» **Problem statement**: In the listing below, print exactly the lines between the line holding "Fien Heeringa Foto Waterschap Hunze en Aa's" and the line holding "Een tweede probleem", inclusive, and no more.

» **Given data**:
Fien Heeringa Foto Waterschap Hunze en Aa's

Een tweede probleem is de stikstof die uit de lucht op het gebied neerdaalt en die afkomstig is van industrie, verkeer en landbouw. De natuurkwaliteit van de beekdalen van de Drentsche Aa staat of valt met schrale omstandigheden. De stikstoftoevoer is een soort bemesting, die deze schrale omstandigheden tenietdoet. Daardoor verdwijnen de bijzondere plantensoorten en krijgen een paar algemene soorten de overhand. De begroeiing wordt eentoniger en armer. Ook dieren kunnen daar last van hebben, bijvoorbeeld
* * *
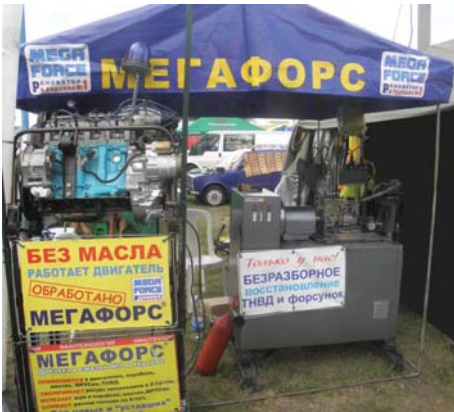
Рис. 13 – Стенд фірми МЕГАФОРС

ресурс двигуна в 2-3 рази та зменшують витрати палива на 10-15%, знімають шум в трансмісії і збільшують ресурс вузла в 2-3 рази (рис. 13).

» **Task answer**:
Fien Heeringa Foto Waterschap Hunze en Aa's

Een tweede probleem is de stikstof die uit de lucht op het gebied neerdaalt en die afkomstig is van industrie, verkeer en landbouw. De natuurkwaliteit van de beekdalen van de Drentsche Aa staat of valt met schrale omstandigheden. De stikstoftoevoer is een soort bemesting, die deze schrale omstandigheden tenietdoet. Daardoor verdwijnen de bijzondere plantensoorten en krijgen een paar algemene soorten de overhand. De begroeiing wordt eentoniger en armer. Ook dieren kunnen daar last van hebben, bijvoorbeeld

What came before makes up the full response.